Кузьма вообще добрый человек, но иноверцев недолюбливал. Среди пиратов попался один с Руси, вернее с Нижнего Новгорода. Так Кузьма сразу его вычислил по отсутствию нательного креста. Пират клялся-божился, что он православный, но спущенные портки изобличили несчастного.
– Собаке – собачья смерть, – Кузьма тогда вспорол живот бедалаге и выкинул тело за борт. А потом еще выговаривал воеводе, что тот просмотрел отступника веры.
Андрей тогда страшно удивился поступку Кузьмы, на Руси с пониманием относились к тем, кто предавал веру отцов. В смысле, живота их за это не лишали. Но у новгородца были свои причины ненавидеть ренегатов, и князь к этим причинам относился уважительно. Принцип талеона «око – за око, зуб – за зуб» никто не отменял, хоть и православный мы народ. Еще Невский сказал, что кто с мечом к нам придет, тот и огребет по самые помидоры этим самым мечом. Правильные слова, верные.
Чиновник, собрав серебро, остался торчать на корабле, дожидаясь, когда бочки с солью выгрузят на берег. Торговать с борта корабля – запрещено. И вообще, три дня никакой торговли. Пока наместник султана не купит товар, если, конечно, решит купить. По фиксированной цене, разумеется, а это значит значительно ниже рыночной.
C возлюбленной Луки Фомича обошлись беспардонно. На девушку накинули накидку, укрыв ее с головой, и в таком виде перевезли на пристань. Там воевода подсуетился, нашел крытый паланкин, куда запихали итальянку.
Андрей глазел по сторонам, восторгаясь мощными укреплениями города. Со стороны моря Синоп защищали громадные стены с башнями. Массивные, обитые железом ворота в портовой башне оказались открытыми настежь, одинокий ясаул
[77]
дремал на солнцепеке, лишь мытник собирал пошлину за вход в город.
Улицы города вымощены камнем, пока шли до нужного караван-сарая, Андрей только успевал вертеть головой, восторгаясь чудесами. Римские акведуки создавали впечатление, что он попал в седую древность, вот только жители вместо тог носили красные кафтаны, халаты, длиннополые рубахи и все обязательно в чалмах. Центральные улицы – чистые, нигде нет никакого мусора, видно, с порядком в городе строго, зато когда они свернули на боковую улочку, то чуть было не задохнулись от миазмов – здесь начинался квартал бедноты. Пришлось возвращаться назад, дурной запах – еще полбеды, а вот нечистоты прямо на улице с мириадами мух отбили желание продолжать движение. Пришлось возвращаться назад, ругая проводника, решившего сократить дорогу.

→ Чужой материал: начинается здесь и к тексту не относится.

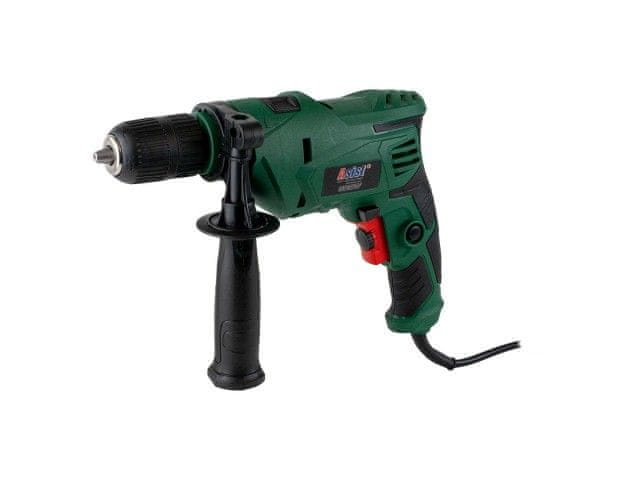 Udarni vrtalnik z močjo 900 W iz ASIST ima aluminijast menjalnik, bakreno navitje motorja, levo in desno prestavljanje ter elektronski nadzor hitrosti. Vrtalniku sta priložena kovček in komplet kovinskih svedrov. Uporabili ga boste doma in v delavnici. Ponuja vam dva načina dela in udoben oprijem zaradi ročaja Softgrip. Dobavljen z dodatnim ročajem in globinskim omejevalnikom.

Повсюду читались свидетельства римского владычества. Изредка попадались дома, стены которых еще видели ровный строй марширующих легионеров, но в большинстве своем постройки современные. Вот только камни на строительство шли от старых домов.
Иногда на камнях можно было прочитать латинский или греческий текст. Ванька переводил по просьбе Андрея, всем было интересно. Вот, например, эта надпись, выбитая на мраморной плите, вмурованной в стену, гласила, что это надгробие почтенной матроны, скончавшейся лет четыреста назад. А другая надпись в стене дома напротив сообщала о победе над врагом.
И так везде. Правда, дома в центральных кварталах – все крытые черепицей и высокие – в два и три этажа. И повсюду – шумное многоголосие, особенно когда их путь пролегал мимо бедестана
[78]
– крытого, каменного сооружения с внутренним двориком, занимавшего огромную площадь. Проводник, молодой раб с Татарии, арендованный в порту у местного предпринимателя сроком на три дня, с гордостью сообщил, что этот бедестан насчитывает ровно сто лавок. Но он не единственный в городе, есть рыбный рынок: крытый и под открытым небом, овощной, мясной, обувной и другие. Есть малые бедестаны на двадцать шесть лавок с обувью, мастерскими и так далее.
Рядом с базаром и находился нужный им постоялый двор – небольшой, всего-то на двадцать шесть очагов, но тоже каменный и крытый не черепицей, как соседний, а свинцовыми листами. Круто, в Новгороде Андрей видел подобное, только там была церковь, и говорят, что мастеров выписывали из немцев, своих не нашлось.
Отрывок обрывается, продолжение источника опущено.